*Work task*:
As an exercise in exact copying, transcribe the lines below from the one holding "이 경우에도 table" through the last, with both ends included and pictures left out.

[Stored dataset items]
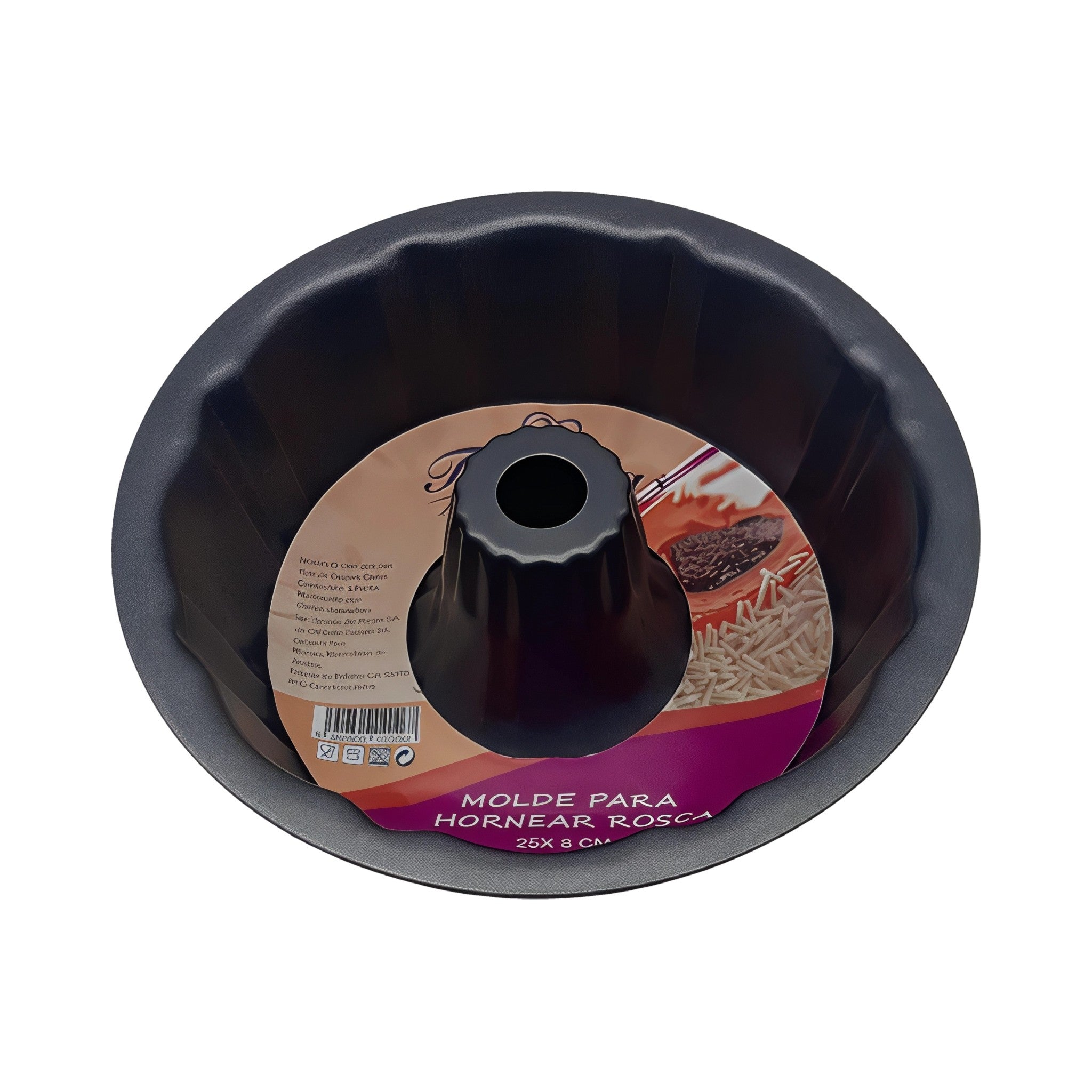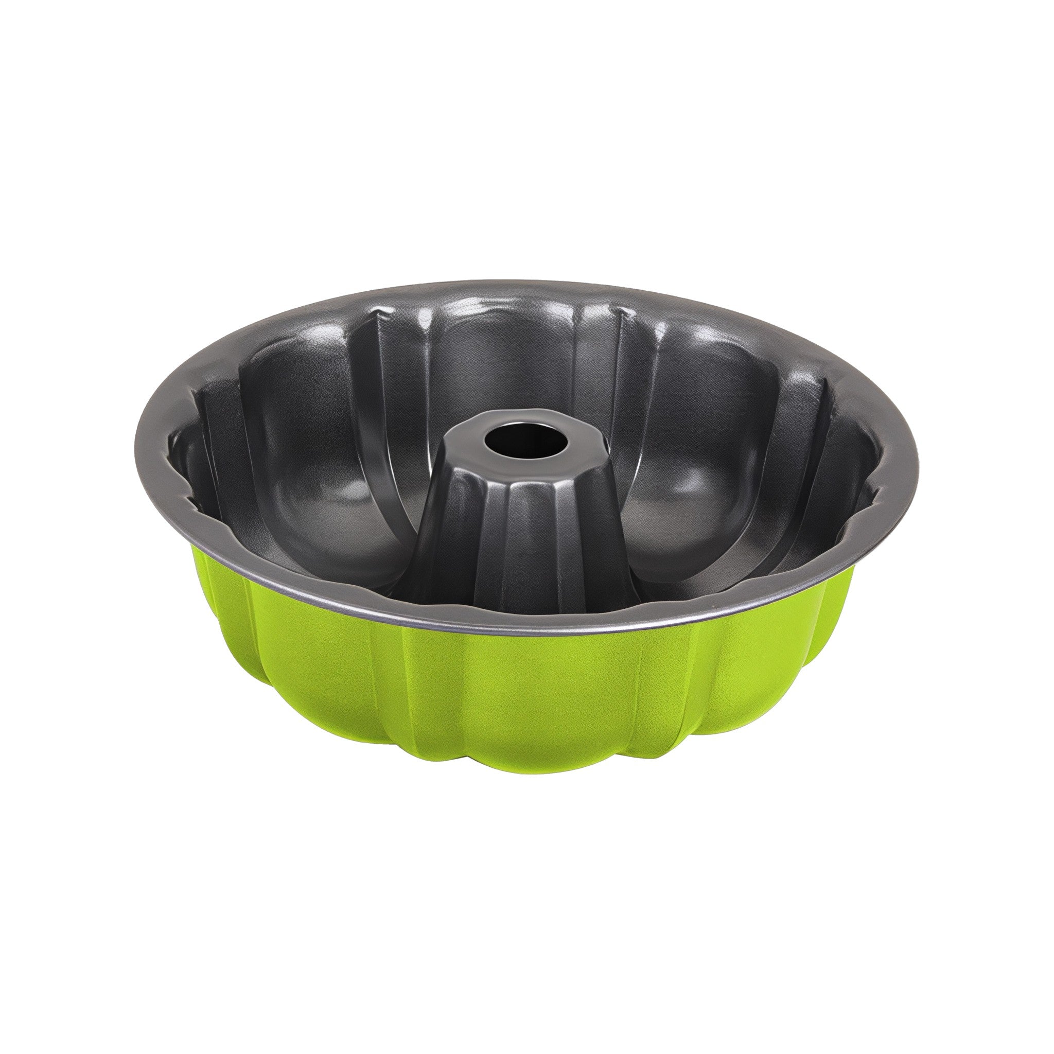 Molde para horno tipo rosca de 25 cm en elegante color verde, ideal para panqués, pasteles y gelatinas horneadas. Construcción resistente con recubrimiento antiadherente para un desmolde fácil y uniforme.
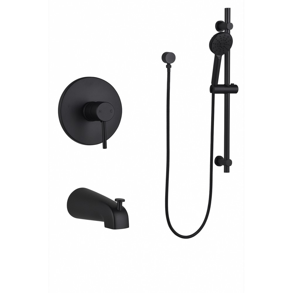 Experience versatility and sleek design with this wall-mounted bath and shower faucet set. The set includes a pressure-balanced valve, a 3-function handheld sprayer with a sliding bar, and a matching tub spout — all crafted to deliver lasting performance and comfort.
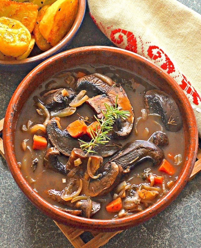 Rich and hearty Portobello Pot Roast. Meaty portobello mushrooms, red wine, herbs and vegetables combine to make a delicious plant-based feast.
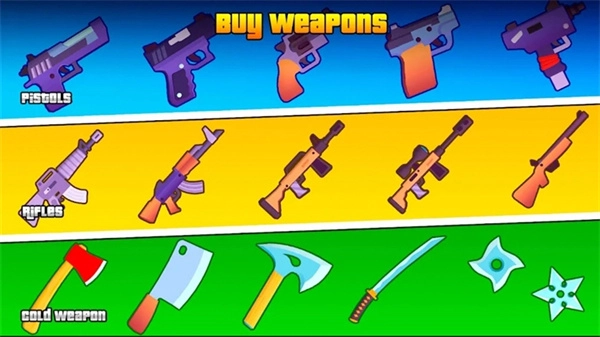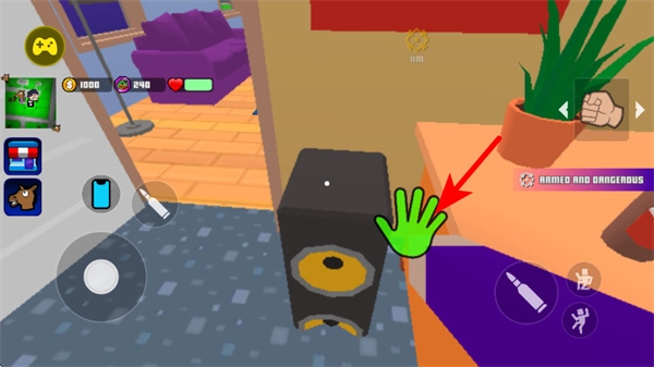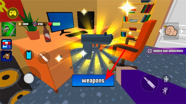 3、进入室内场景后,点击红色箭头指向的weapons按钮,获取场景内的武器道具,提升角色的战斗能力做准备。
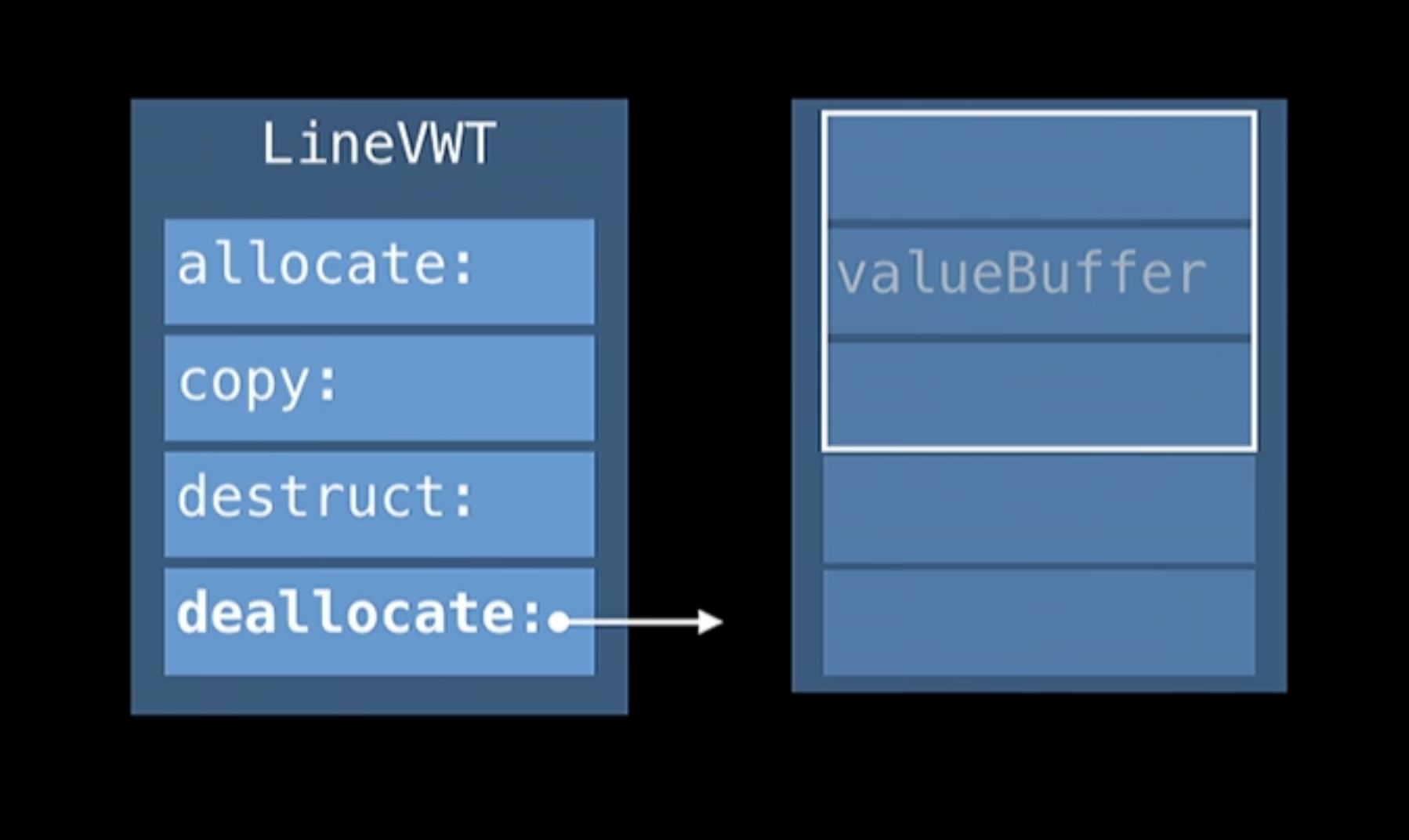 이 경우에도 table based mechanism이 사용되는데, 이것을 우리는 Value Witness Table(VWT)라고 부른다.
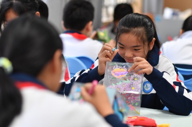 學生利用廢舊物品制作紙盤畫。通訊員 王海濱 攝

*Response area*:
 이 경우에도 table based mechanism이 사용되는데, 이것을 우리는 Value Witness Table(VWT)라고 부른다.
 學生利用廢舊物品制作紙盤畫。通訊員 王海濱 攝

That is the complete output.